Religion To Be Brought Back Into Public Schools

Photo by Kimberly Farmer on Unsplash

( – Louisiana schools will start displaying the Ten Commandments in every public school classroom.

On Wednesday, after Louisiana’s Republican Governor Jeff Landry signed into law a GOP-drafted legislation, public schools will be required to display the Ten Commandments in every classroom.

The legislation mandates the Ten Commandments should have a poster-sized (11 inches by 14 inches) display and should be printed in an “easily readable font,” with the Commandments being the central focus of the display.

The legislation, the first of its kind to become state law, requires the sacred text to include a four-paragraph “context statement” that explains that for nearly “three centuries,” the Ten Commandments featured prominently in the country’s public school system.

The law also communicates that state funds won’t be used to fund the posters, which public schools will be required to display by 2025. Instead, schools will have to seek private donations to fund the posters. 

However, opponents query whether the new law is constitutional, warning that lawsuits will be imminent.

Proponents disagree.

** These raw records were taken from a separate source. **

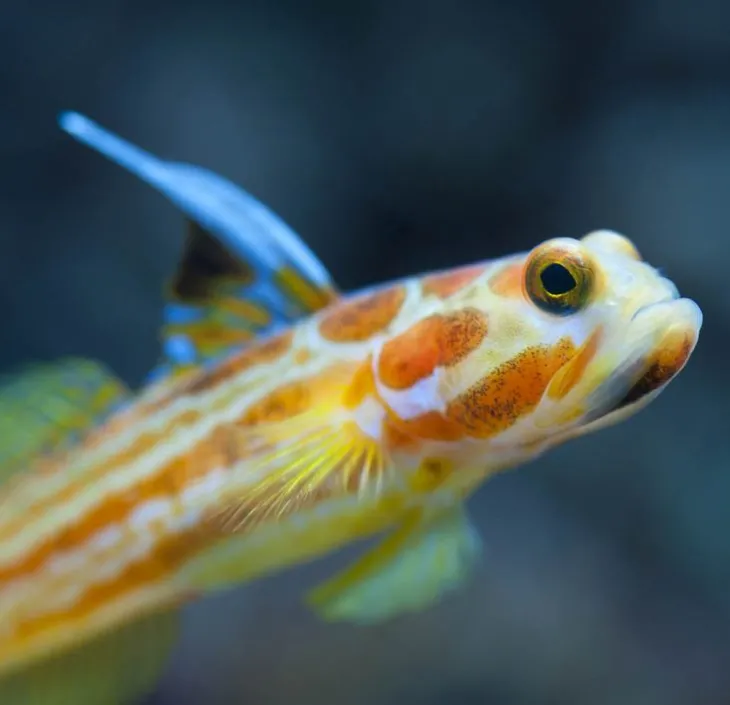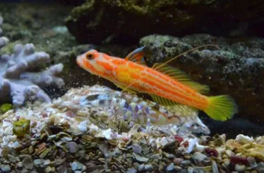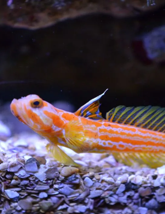 Le gobie à rayures orange vit sur le fond, à proximité du trou sableux qui lui sert de terrier, entre 10 et 40 m de profondeur.
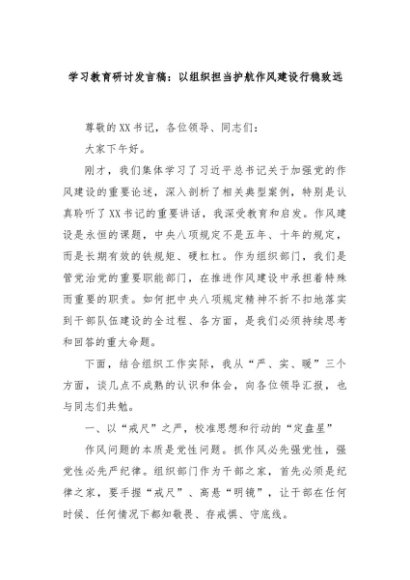 【七哥公文】2025年:学习教育研讨发言稿:以组织担当护航作风建设行稳致远+更多免费公文+VX:QiGeGongWen2024
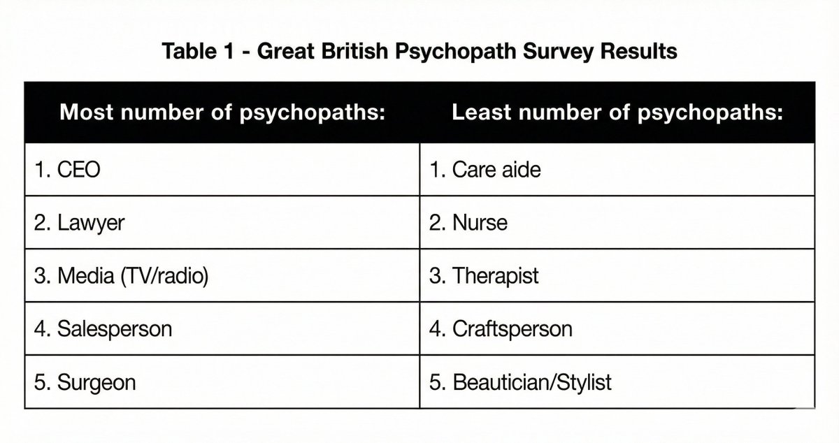 Kevin Dutton's research on psychopathic traits across professional populations found that CEOs rank alongside surgeons at the top of the spectrum. This doesn’t mean these individuals are monsters. Instead, these roles attract people who can separate emotional responses from strategic calculations.
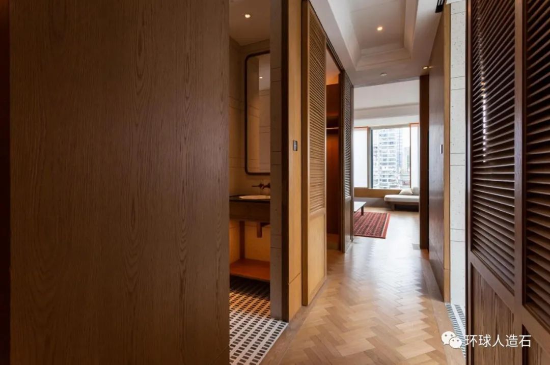 墻面采用超大規(guī)格的無機人造石,由上到下,渾然一體,簡約大氣。
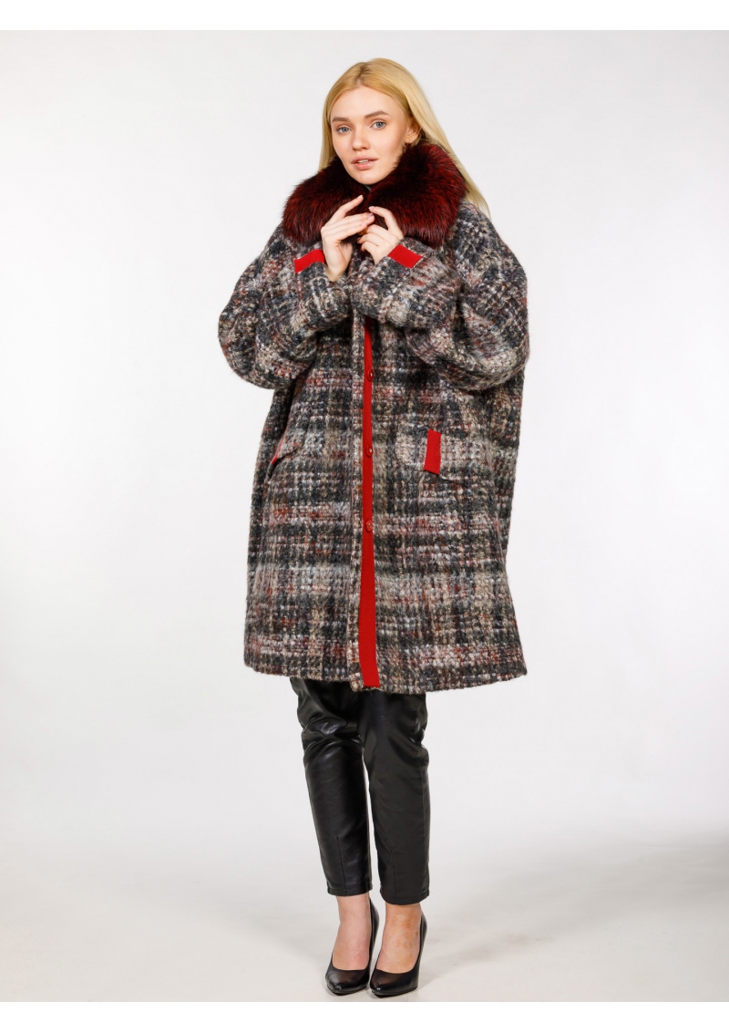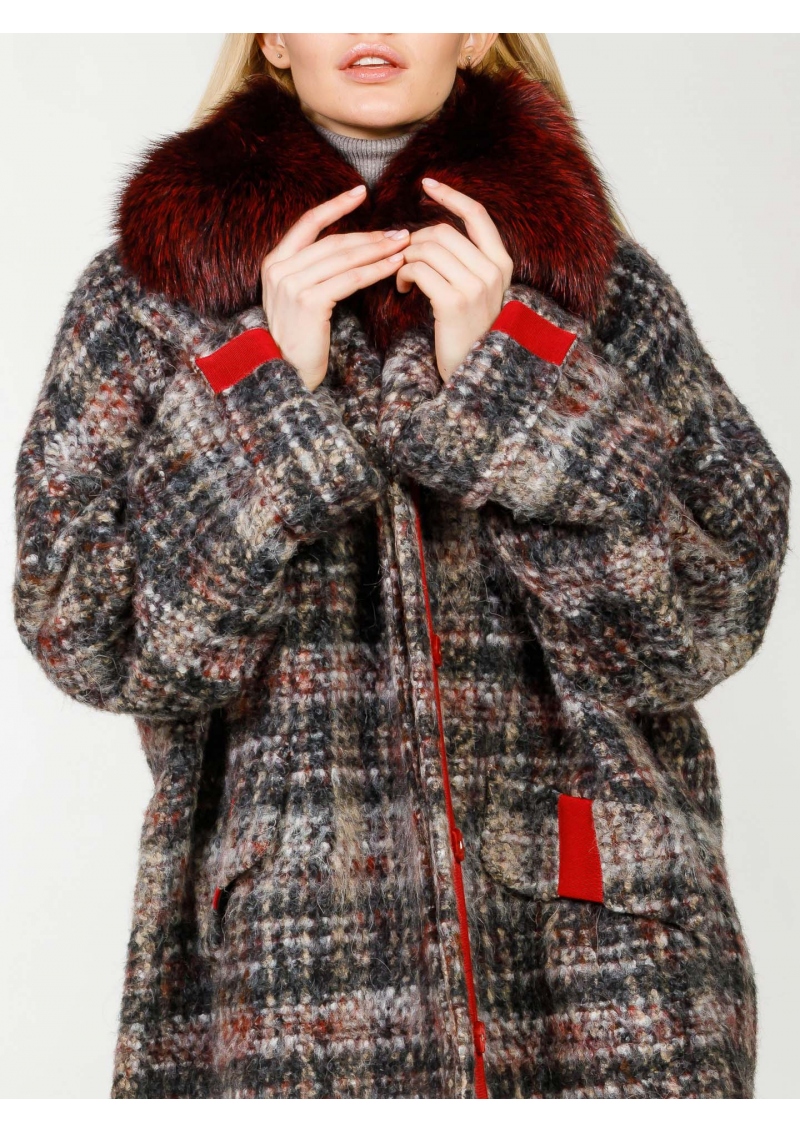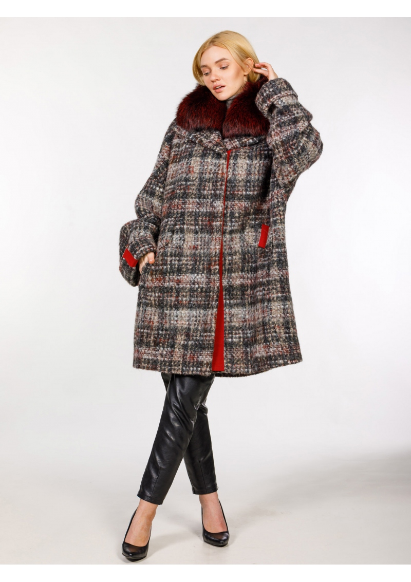 О товаре: Классическое пальто oversize силуэта с английским воротником из шерсти. Ворот отделка из чернобурой лисицы. Рукава со спущенной линией плеч. Карманы прорезные с рамкой и тесьмой красного цвета. Паты на рукавах красного цвета. Застежка-кнопки с тесьмой. Цвет "Клетка"
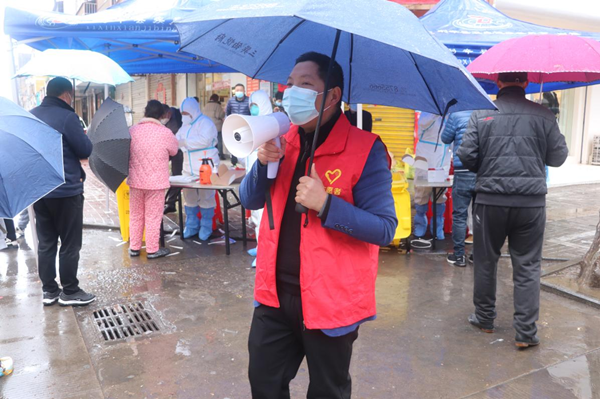 疫情就是命令,面对疫情他主动请战,作为一名党员他讲政治、守初心、舍小家、为大家,以身作则,深入抗疫一线,在两轮全员核酸检测中,连续几天奋战在城关镇向阳社区“抗疫一线”,协助社区引导扫码、政策宣传、信息采集、分流引导、维持秩序等工作,服务居民2000人次,人群中他不时穿梭在人群里,他穿着红马甲似“一抹党员红”,那一刻夺目炫丽。

Instead, they state the display is not solely religious but is historically significant, pointing to the law’s language that describes the Ten Commandments as a “foundational document” for state and national government.

Texas, Utah, and Oklahoma are pursuing similar bills requiring the Ten Commandments to be displayed in public school classrooms.

However, none have signed such legislation into law, given the threats of legal action questioning the constitutionality of such laws, which have also hindered the passage of similar laws by state Congress.